You have REALLY screwed up if you find yourself in this position as the outcome can be uncertain. It is important to have good ideas about what to do in a crisis like this but the real priority in practice should be avoiding ever falling into it. It isn't that hard to avoid in my experience. It doesn't take that much effort to avoid high wind emergencies/squalls if you prepare properly for your kite sessions, where fronts are concerned anyway.
Different knowledge but similar procedures apply in weather planning for tropical systems. Thermal or convective/sea breeze squalls are somewhat similar but can happen much faster. There are regional hazardous weather conditions in different parts of the world that may have similarities and dissimilarities to this. Input on the threats and what works in your area would be much appreciated.
** The kiter in the
video in Bimini did the opposite MASHING his bar up through the Recoil spring and slowly bringing his kite to the zenith apparently even more effectively killing the power. IF he hadn't mashed the bar up with such force from examples shown in the same video, he likely would have been lofted badly. We never really did properly discuss this. With most kites, I would never bring the kite to the zenith regardless in an high wind emergency. With the Cabrinha, I am still undecided.
FKA, Inc.
transcribed by:
Rick Iossi
tautologies wrote:I think it is another great post!!
How would you fare if you are already out riding?
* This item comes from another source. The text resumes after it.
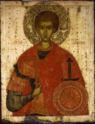 Тело святого великомученика Димитрия было выброшено на съедение диким зверям, но солунские христиане взяли его и тайно предали земле. При святом равноапостольном Константине (306-337) над могилой святого Димитрия была воздвигнута церковь. Сто лет спустя, при строительстве нового величественного храма на месте ветхого, обретены были нетленные мощи святого мученика. С VII века при раке великомученика Димитрия начинается чудесное истечение благовонного мира, в связи с чем великомученик Димитрий получает церковное именование Мироточивого. Несколько раз почитатели солунского чудотворца делали попытки к перенесению его святых мощей или частицы их в Константинополь. Но неизменно святой Димитрий таинственно проявлял свою волю остаться покровителем и защитником родных Фессалоник. Неоднократно подступавшие к городу славяне-язычники бывали отогнаны от стен Солуни видом грозного светлого юноши, обходившего стены и внушавшего ужас воинам. Может быть, потому имя святого Димитрия Солунского особенно почитаемо в славянских народах после просвещения их светом Евангельской истины. С другой стороны, греки считали святого Димитрия как бы славянским святым по преимуществу.

I mean looking at the spike in the wind, and the extreme direction change, there is not many wind reports that would suggest such extreme changes?
Though I am probably one of the people that are getting more "used" conditions, there has been times where I chose to not go out, but sometimes it might be hard to properly estimate what are the more extreme clouds. In the winter we can get these pretty bad looking clouds, but they are normally not as bad, so people tend to try to get, or ride them out...but every now and then (rarly) they can be pretty viscous, which makes it pretty hard to judge.
Let's say you are doing a downwinder and you see something like that approaching? What do you do?